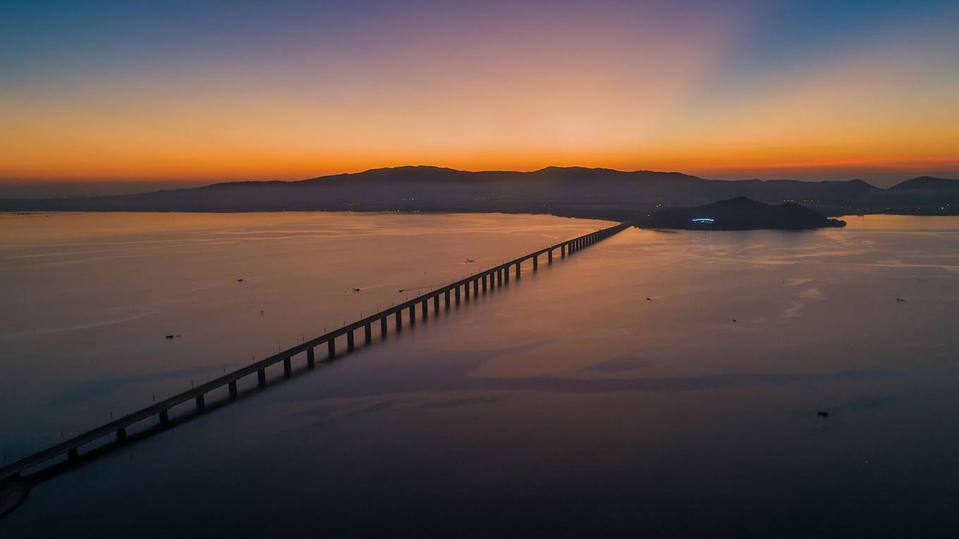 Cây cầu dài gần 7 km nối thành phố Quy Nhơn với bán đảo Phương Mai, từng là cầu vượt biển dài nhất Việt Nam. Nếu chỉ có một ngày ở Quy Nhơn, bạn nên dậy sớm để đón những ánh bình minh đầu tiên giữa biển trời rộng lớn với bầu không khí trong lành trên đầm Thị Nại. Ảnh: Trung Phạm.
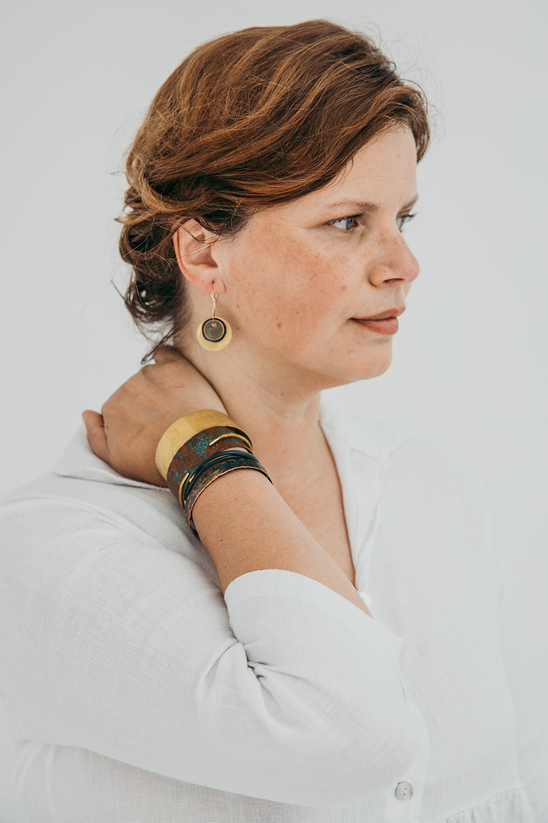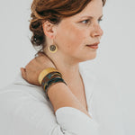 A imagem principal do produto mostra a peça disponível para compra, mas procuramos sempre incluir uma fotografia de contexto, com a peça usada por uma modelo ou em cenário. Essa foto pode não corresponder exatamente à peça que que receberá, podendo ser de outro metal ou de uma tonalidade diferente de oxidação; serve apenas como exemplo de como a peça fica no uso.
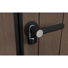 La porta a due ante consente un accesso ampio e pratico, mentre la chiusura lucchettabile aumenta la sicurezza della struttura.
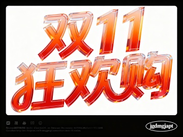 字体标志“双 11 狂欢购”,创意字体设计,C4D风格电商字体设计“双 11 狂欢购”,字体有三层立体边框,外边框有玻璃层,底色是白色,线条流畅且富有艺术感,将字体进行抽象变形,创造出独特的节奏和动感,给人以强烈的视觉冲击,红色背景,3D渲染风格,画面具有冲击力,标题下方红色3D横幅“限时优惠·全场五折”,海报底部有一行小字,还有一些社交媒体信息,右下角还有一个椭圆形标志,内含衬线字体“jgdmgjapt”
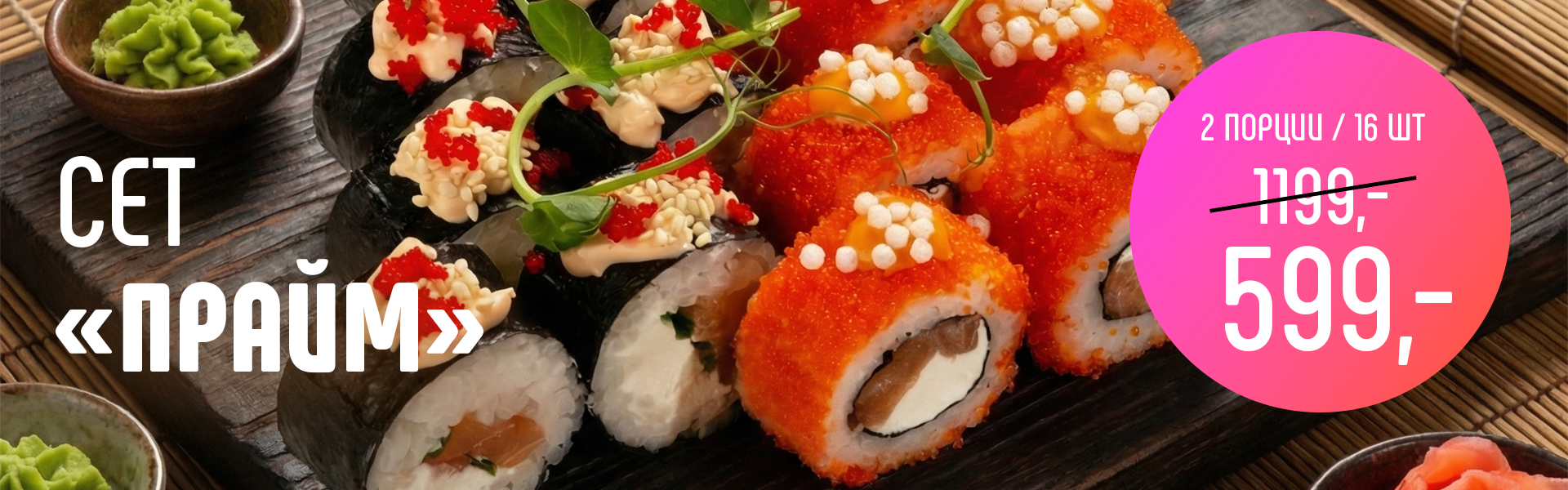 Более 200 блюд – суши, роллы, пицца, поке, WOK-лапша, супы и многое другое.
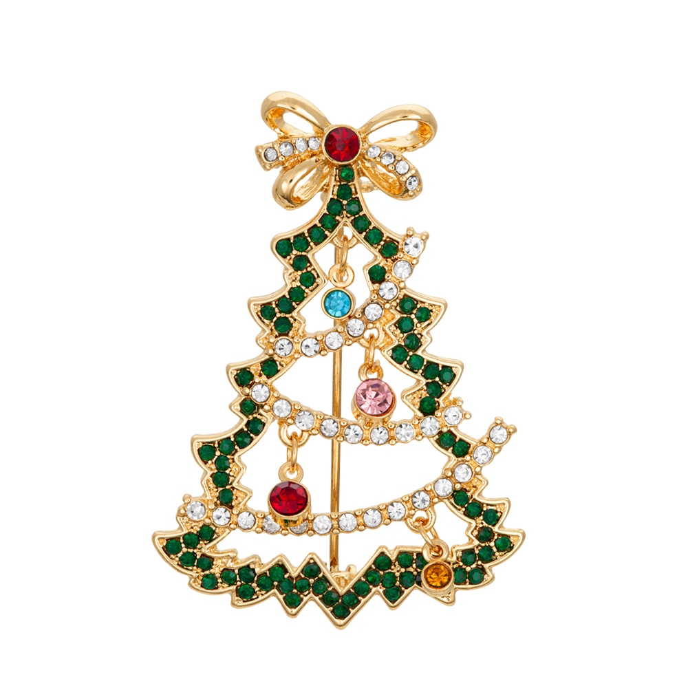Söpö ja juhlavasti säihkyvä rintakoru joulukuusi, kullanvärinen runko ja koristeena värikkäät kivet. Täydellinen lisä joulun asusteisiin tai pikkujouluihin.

......

Work item: Copy exactly, with no pictures, the lines from the line containing "A imagem principal" through the last line of the records above.

Answer to the problem:
 A imagem principal do produto mostra a peça disponível para compra, mas procuramos sempre incluir uma fotografia de contexto, com a peça usada por uma modelo ou em cenário. Essa foto pode não corresponder exatamente à peça que que receberá, podendo ser de outro metal ou de uma tonalidade diferente de oxidação; serve apenas como exemplo de como a peça fica no uso.
 La porta a due ante consente un accesso ampio e pratico, mentre la chiusura lucchettabile aumenta la sicurezza della struttura.
 字体标志“双 11 狂欢购”,创意字体设计,C4D风格电商字体设计“双 11 狂欢购”,字体有三层立体边框,外边框有玻璃层,底色是白色,线条流畅且富有艺术感,将字体进行抽象变形,创造出独特的节奏和动感,给人以强烈的视觉冲击,红色背景,3D渲染风格,画面具有冲击力,标题下方红色3D横幅“限时优惠·全场五折”,海报底部有一行小字,还有一些社交媒体信息,右下角还有一个椭圆形标志,内含衬线字体“jgdmgjapt”
 Более 200 блюд – суши, роллы, пицца, поке, WOK-лапша, супы и многое другое.
Söpö ja juhlavasti säihkyvä rintakoru joulukuusi, kullanvärinen runko ja koristeena värikkäät kivet. Täydellinen lisä joulun asusteisiin tai pikkujouluihin.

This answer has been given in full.